(Collected data)

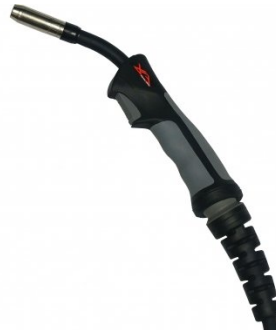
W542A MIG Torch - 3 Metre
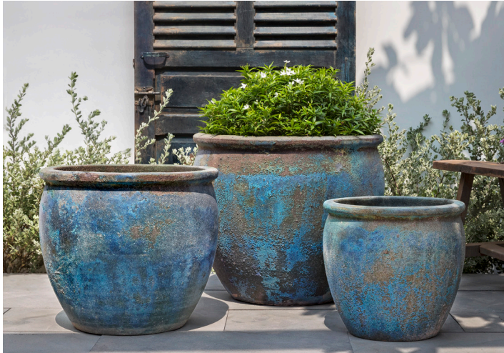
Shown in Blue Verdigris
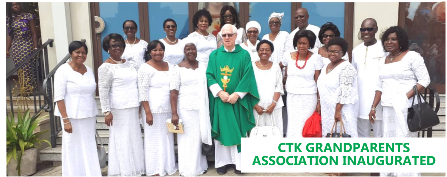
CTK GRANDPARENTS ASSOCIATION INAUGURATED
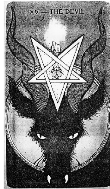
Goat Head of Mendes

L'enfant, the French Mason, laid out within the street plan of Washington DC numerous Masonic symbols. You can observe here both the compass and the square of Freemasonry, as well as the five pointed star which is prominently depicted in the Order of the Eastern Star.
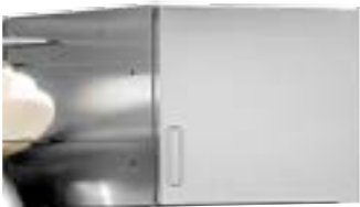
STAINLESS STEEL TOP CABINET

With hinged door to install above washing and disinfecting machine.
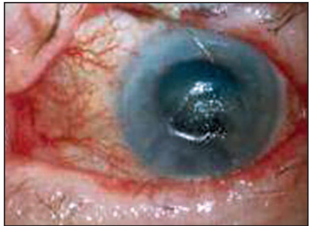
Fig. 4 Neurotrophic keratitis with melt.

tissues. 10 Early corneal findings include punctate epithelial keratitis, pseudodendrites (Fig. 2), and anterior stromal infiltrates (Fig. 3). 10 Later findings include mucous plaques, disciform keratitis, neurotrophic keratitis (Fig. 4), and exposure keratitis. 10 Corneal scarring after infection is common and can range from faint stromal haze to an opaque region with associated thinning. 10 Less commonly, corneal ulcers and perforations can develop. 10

Exercise objective:
What's needed is every record restated exactly, pictures excluded.

Solution:
W542A MIG Torch - 3 Metre
Shown in Blue Verdigris
CTK GRANDPARENTS ASSOCIATION INAUGURATED
Goat Head of Mendes

L'enfant, the French Mason, laid out within the street plan of Washington DC numerous Masonic symbols. You can observe here both the compass and the square of Freemasonry, as well as the five pointed star which is prominently depicted in the Order of the Eastern Star.
STAINLESS STEEL TOP CABINET

With hinged door to install above washing and disinfecting machine.
Fig. 4 Neurotrophic keratitis with melt.

tissues. 10 Early corneal findings include punctate epithelial keratitis, pseudodendrites (Fig. 2), and anterior stromal infiltrates (Fig. 3). 10 Later findings include mucous plaques, disciform keratitis, neurotrophic keratitis (Fig. 4), and exposure keratitis. 10 Corneal scarring after infection is common and can range from faint stromal haze to an opaque region with associated thinning. 10 Less commonly, corneal ulcers and perforations can develop. 10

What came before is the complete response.